Table 3 Literature Review

The following sections present the research design and methodology along with the experimental results and model interpretation.

3 Research design and methodology

3.1 Dataset and annotation

Data has been collected from Twitter using top trending hashtags in India on Nizamuddin Tablighi Jamaat case using most relevant keywords such as Nizamuddin, TablighiJamaat, CoronaJihad, TablighiVirus, Islamophobia etc. We collected tweets starting from 29th March 2020 to 14th April 2020 because it was the time period when the topic was trending the most on Twitter. We have outlined the steps involved in building the dataset in Fig. 2. In this paper, a multiclass corpus named Fak_ov (with three labels: real, fake and satire) has been developed for the complete analysis on disinformation during the Covid-19 Nizamuddin Tablighi Jamaat case. Corpus, “Fak_CoV” contains content (tweet text), temporal (date and time) and social (likes, retweets and replies) information. A total of 3000 tweets were extracted and annotated by two human annotators to obtain the ground truth concerning the presence of reliable tweets related to the event. Annotators have given an option of discard-tweet if the text under the tweet doesn’t contain sufficient information. The definitions of terms disinformation and satire have been given in the introduction of this paper. Whereas, real news is the verified news from authentic sources. To assess news intention suitably, one count on the training labels often annotated by experts [60]. Most of the current studies have not described clear annotation guidelines to consider intention within a dataset. Table 4 lists the guidelines provided to annotators in order to consider authenticity as well as intention which in turn satisfies our C1 contribution. Figure 3 shows the complete architecture of the framework proposed to automate the process of flagging the data which has a high probability of being fake. Annotators analyzed each question with the help of URLs given and rated each tweet as 0 (real),1 (disinformation) and 2 (satire) accordingly. During our pilot study, we observed options ‘disinformation’, ‘satire’ and ‘real’ were redundant since few tweets seemed mixed and unclear to the annotators. Hence, for the final annotation, we kept only one of the options. Inter annotator agreement (IAA) has been studied to measure how well the two annotators made the same decision. Therefore, Cohen’s kappa coefficient(K) [4] was used as a statistic to measure inter-annotator reliability using the formula:

$$ K= (Po - Pe)/(1-Pe) $$

Where Po is the observed agreement among the annotators and Pe is the hypothetical probability of the annotators indicating a chance agreement. The evaluation resulted in an overall Kappa score of 0.758 (a score greater than 0.7 implies a good agreement between annotators). However, annotation per tweet has been accepted using the majority score and the tweets for which annotators gave different ratings was skipped. After removing tweets with different ratings and insufficient information, in total, we obtained 1758 tweets in the final annotated corpus.

Fig. 2
figure 2

Data collection flowchart

Table 4 Annotators Guidelines
Fig. 3
figure 3

Generic framework for detection of fake news

3.2 Data preprocessing

To acquire insights from the dataset, it is a general practice to do preliminary and exploratory data analysis.

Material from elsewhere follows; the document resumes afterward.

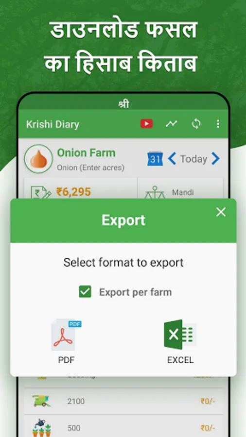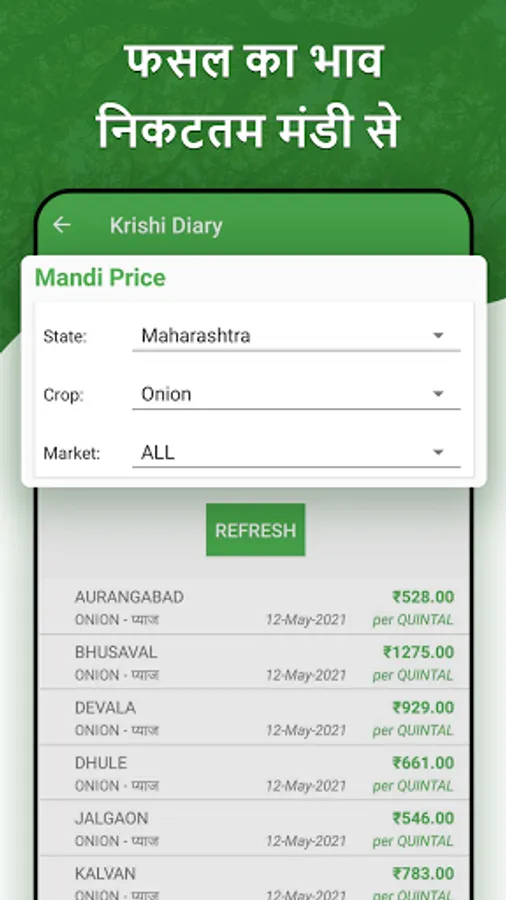 Krishi diary app keeps your Hisab-Kitab & also gives you information about the Mandi Bhav. Using this data, you can choose a Mandi to sell your crop (Fasal) where you get the higher bhav.

Imbalanced dataset: It is a vital step related to classification models to check whether a dataset is balanced or not. For example, if the majority of data belongs to only one particular class then the model will classify each record into the class which has the majority and obtain a decent accuracy. In this case, the model did not even consider other classes. But there do exist approaches to deal with the problem of imbalanced dataset like under-sample the majority class, oversample the minority class, using error metrics recall, precision etc. Figure 4 shows the percentage and the length distribution of articles across the categories. It is not a perfectly balanced dataset. Even though the length is evenly distributed and the text contains more than 200 characters. Thus, there exists enough information in most of the tweets to perform the classification. Furthermore, to handle the imbalanced dataset, oversampling techniques are considered when the dataset is not enough. Therefore, SMOTE (Synthetic Minority Over-sampling Technique) [11] has been applied to create synthetic samples from the minor class (satire and disinformation) instead of creating copies.

Fig. 4
figure 4

Percentage and length distribution of data to each category

Features extracted before cleaning: A variety of information has been extracted from the text which includes the numerical count value of style-based features described in Table 2. Dictionaries for modal verbs, tentative, generalizing verbs, and certainty words have been created and the count has been checked for these values for every tweet. The extracted information was saved into a different file prior to preprocessing pipeline.

Linguistic Cleaning: A pipeline of cleaning steps described in framework architecture has been applied to the Fak_Cov corpus including removal of special characters, punctuation marks, URLs, uppercase/lowercase letters, stopwords and lemmatization.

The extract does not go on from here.